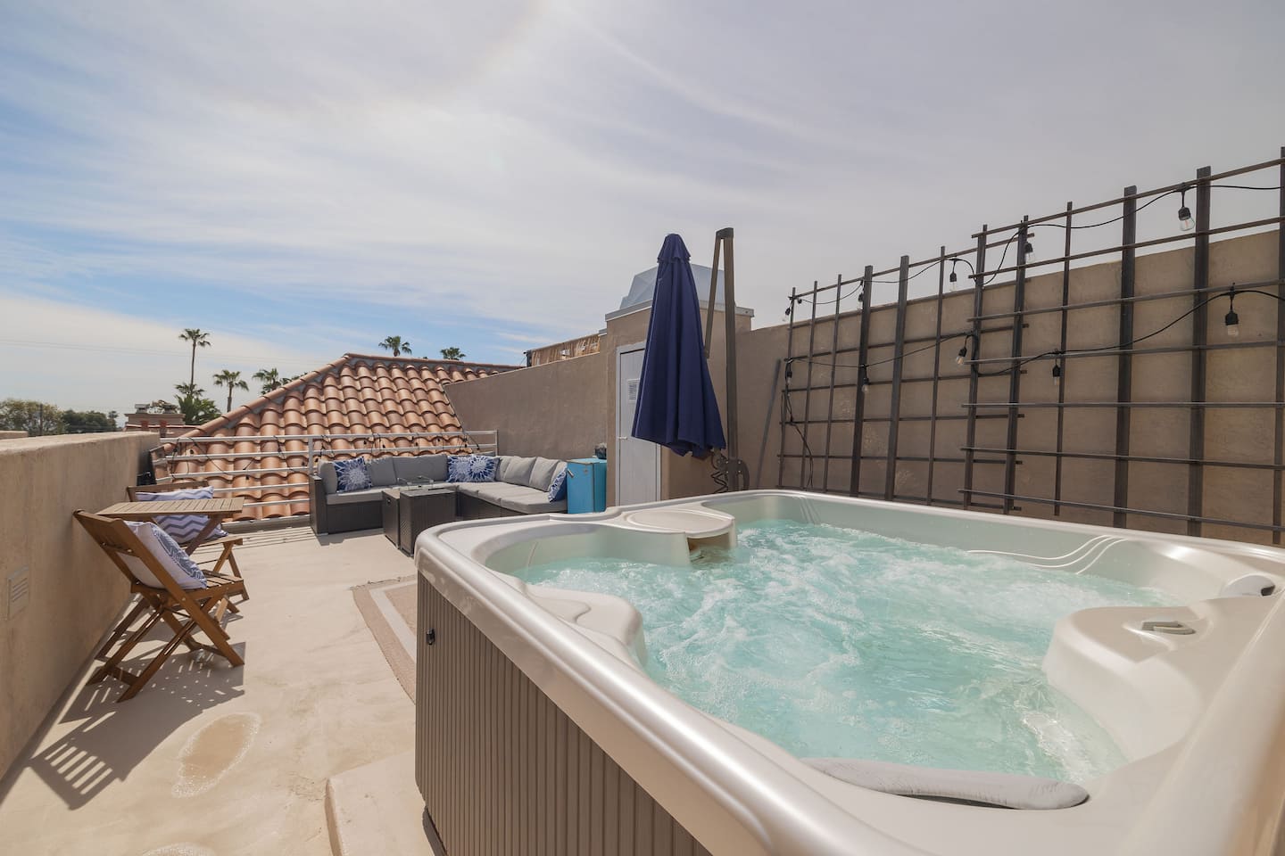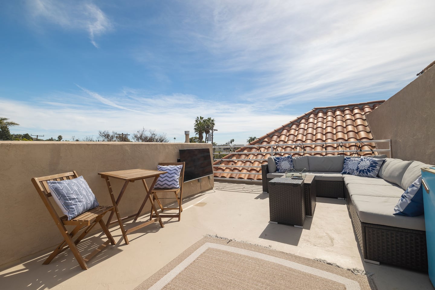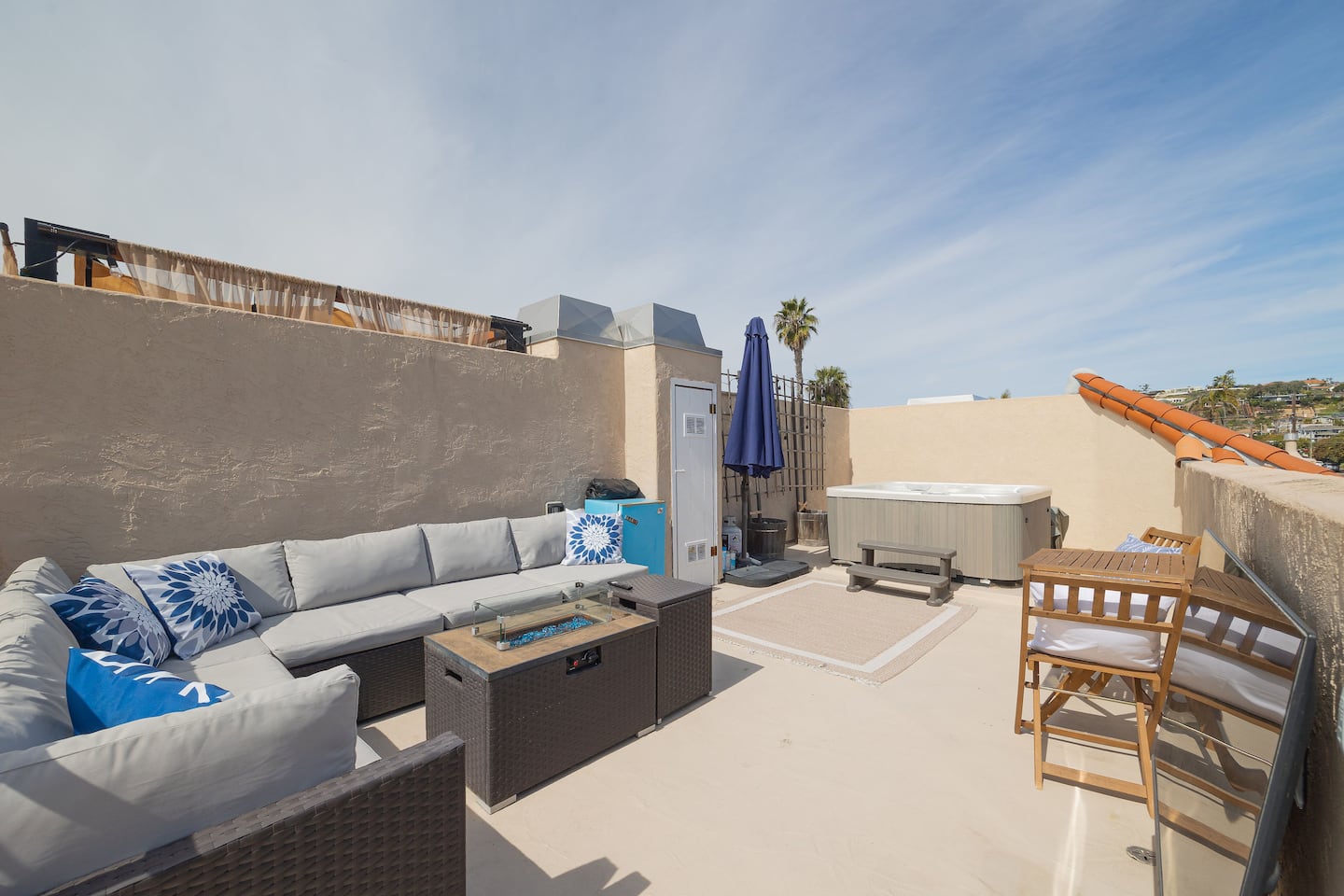 This two-story modern townhome is your ideal San Diego retreat, perfectly situated in the highly sought-after North Pacific Beach neighborhood. You'll be just four blocks from the ocean and a short walk from the area's best restaurants, cafes, and nightlife. The home's highlight is the rooftop deck, which offers the ultimate space for relaxation and entertainment. It features a hot tub, comfortable outdoor seating, a cafe table, a flat-screen TV, and a mini-fridge.
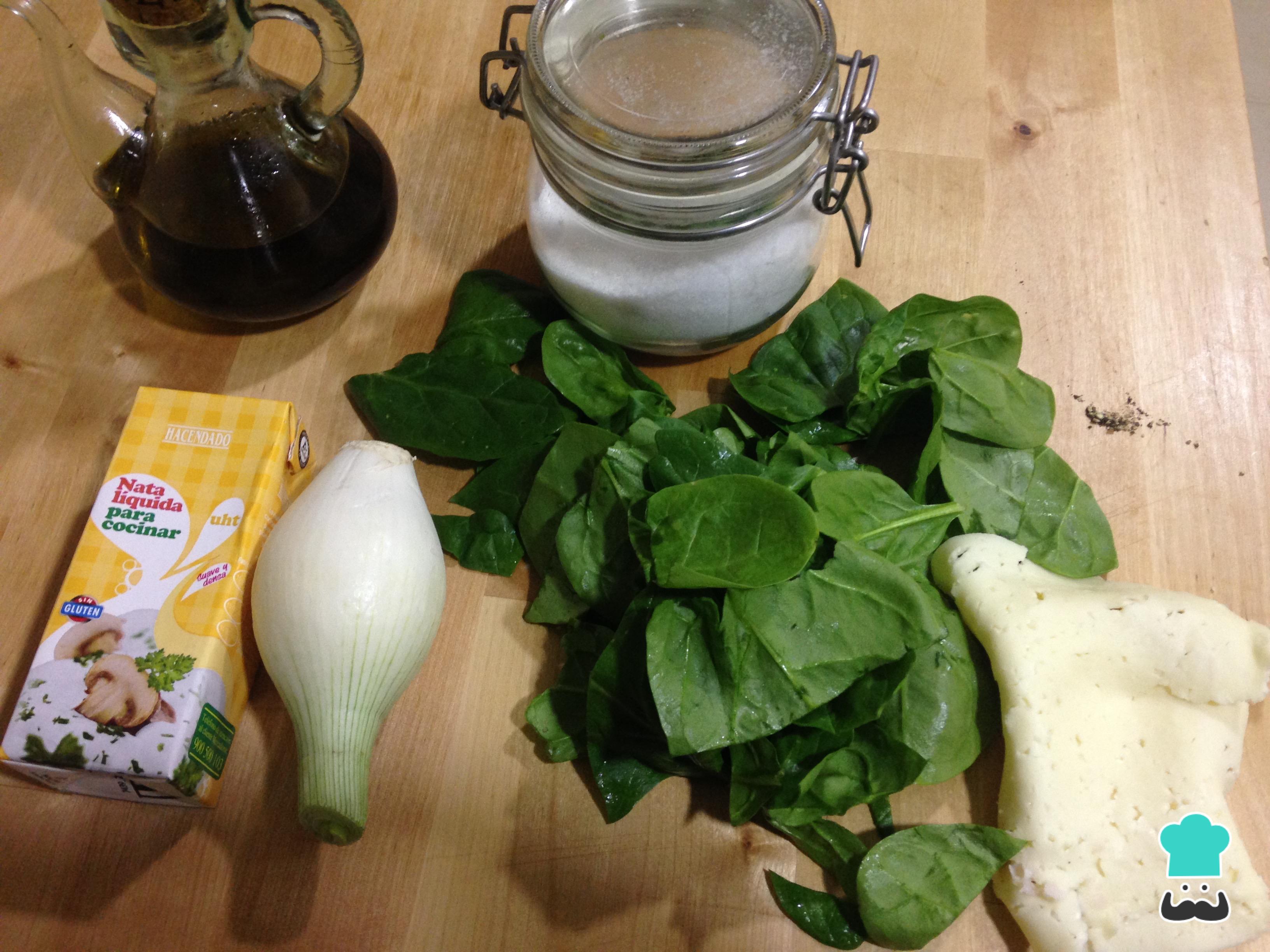 Reunimos todos los ingredientes para elaborar la crema de espinacas gratinadas.
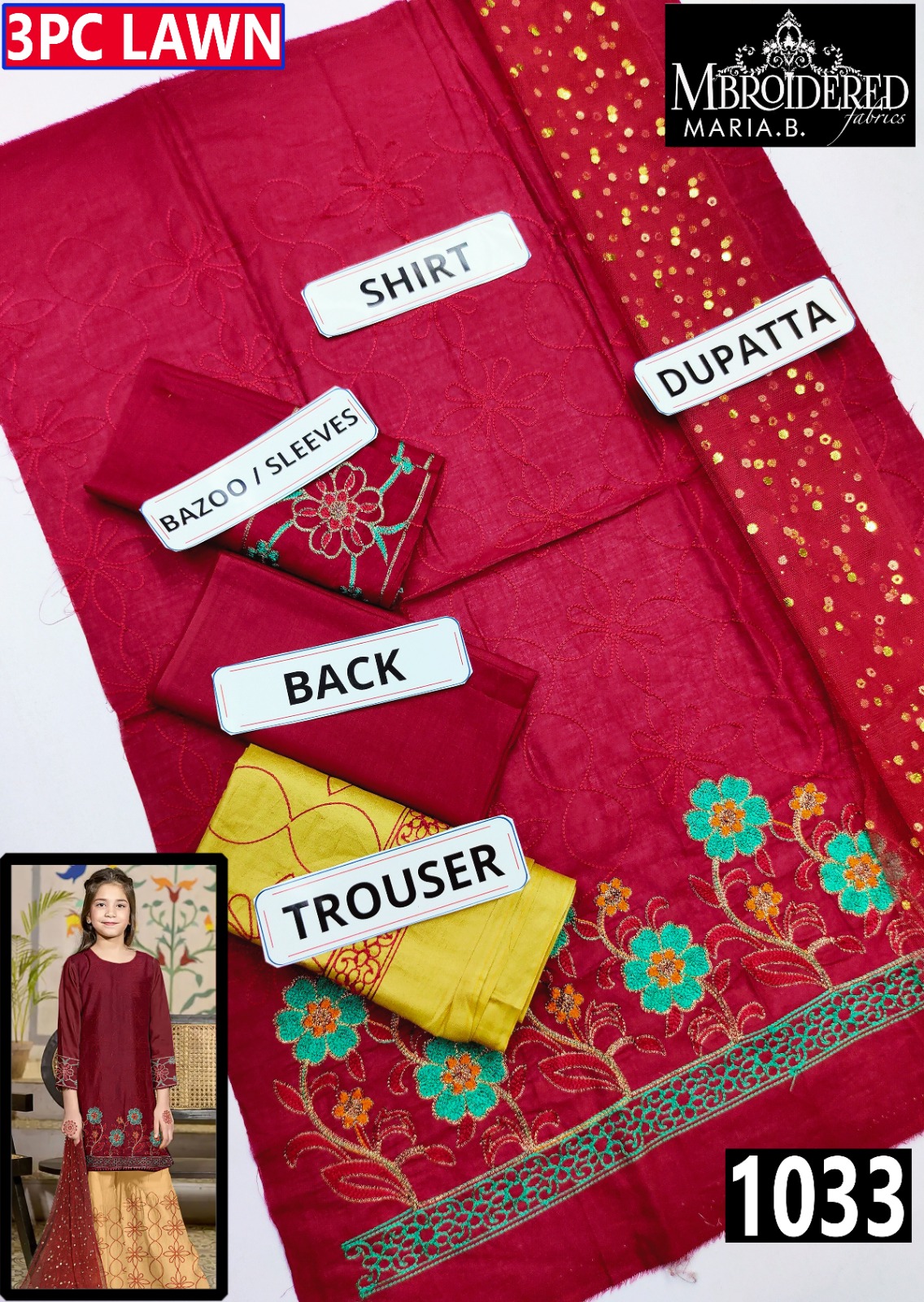 MARIA B KIDS 3PC LAWN ARHI EMBROIDERED VOL-03 MB-1024
--- --- ---
**WHAT TO PRODUCE**
Reproduce the data above in full, exactly as it is, with the pictures left out.

**RESPONSE**
 This two-story modern townhome is your ideal San Diego retreat, perfectly situated in the highly sought-after North Pacific Beach neighborhood. You'll be just four blocks from the ocean and a short walk from the area's best restaurants, cafes, and nightlife. The home's highlight is the rooftop deck, which offers the ultimate space for relaxation and entertainment. It features a hot tub, comfortable outdoor seating, a cafe table, a flat-screen TV, and a mini-fridge.
 Reunimos todos los ingredientes para elaborar la crema de espinacas gratinadas.
 MARIA B KIDS 3PC LAWN ARHI EMBROIDERED VOL-03 MB-1024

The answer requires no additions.